Хотя она была бездействий в отношении богословия, она давно осознала, что реальная точка молитвы не заключалась в том, чтобы не льстить тем, кто обращался; Она решила, что молитва была формой медитации, и она не отвлекала от своей эффективности, которую никто не слушал.
(Although she was unenthusiastic about theology, she had long since realised that the real point of prayer was not to flatter those addressed; prayer was a form of meditation, she decided, and it did not detract from its efficacy that nobody was listening.)
Персонаж в романе сталкивается с ее чувствами к богословию и молитве. Хотя она не особенно в восторге от богословия, она понимает, что молитва служит большей цели, помимо простого решения божественного. Вместо того, чтобы рассматривать его как форму лести, она рассматривает молитву как медитативную практику, которая может принести личный мир и размышления. Эта реализация приносит новое измерение в ее понимание молитвы.

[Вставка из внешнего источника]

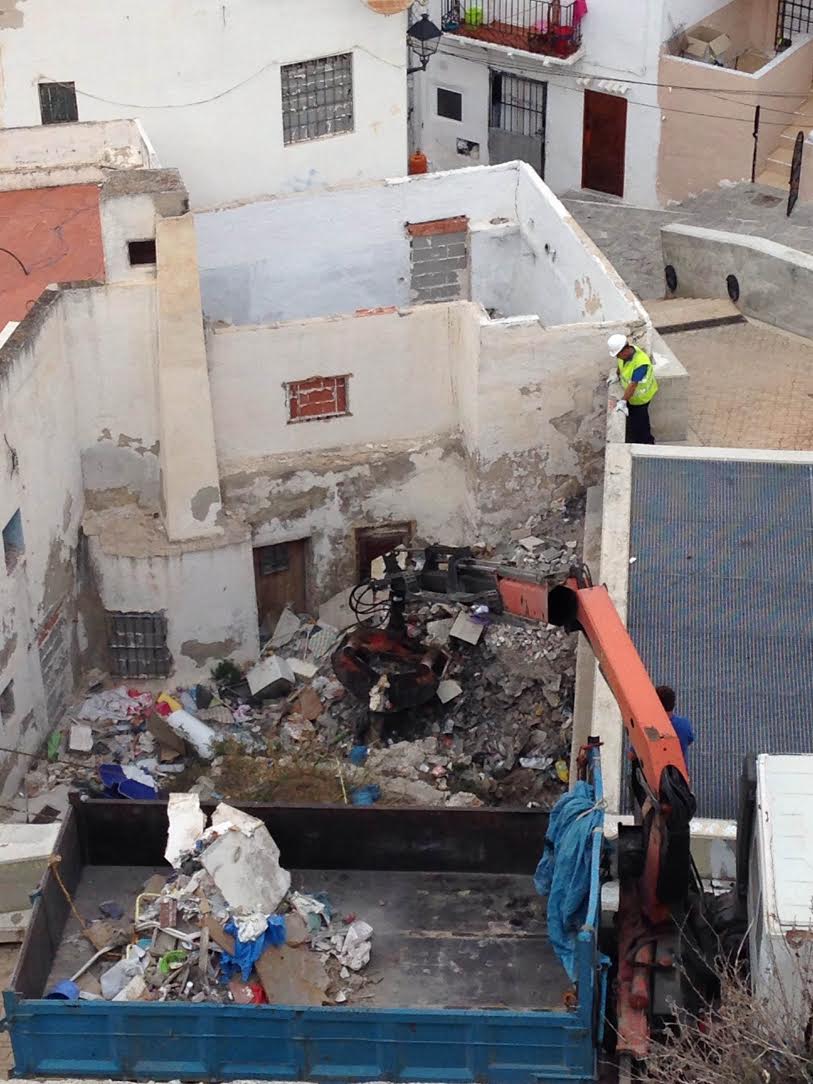 Las cinco toneladas de basura han tenido que ser retiradas con un camión grúa debido al desnivel que presenta este solar y han intervenido dos trabajadores de la empresa de limpieza custodiados por la Policía Local de Ibiza.

она приходит к выводу, что эффективность молитвы не полагается на то, активно ли кто -то слушает. Эта перспектива подчеркивает внутреннюю ценность молитвы как инструмент для медитации и самоиснащения. В конечном счете, она трансформирует ее понимание духовности, предполагая, что сам акт молитвы может иметь смысл и значение, независимо от традиционных убеждений о ее цели.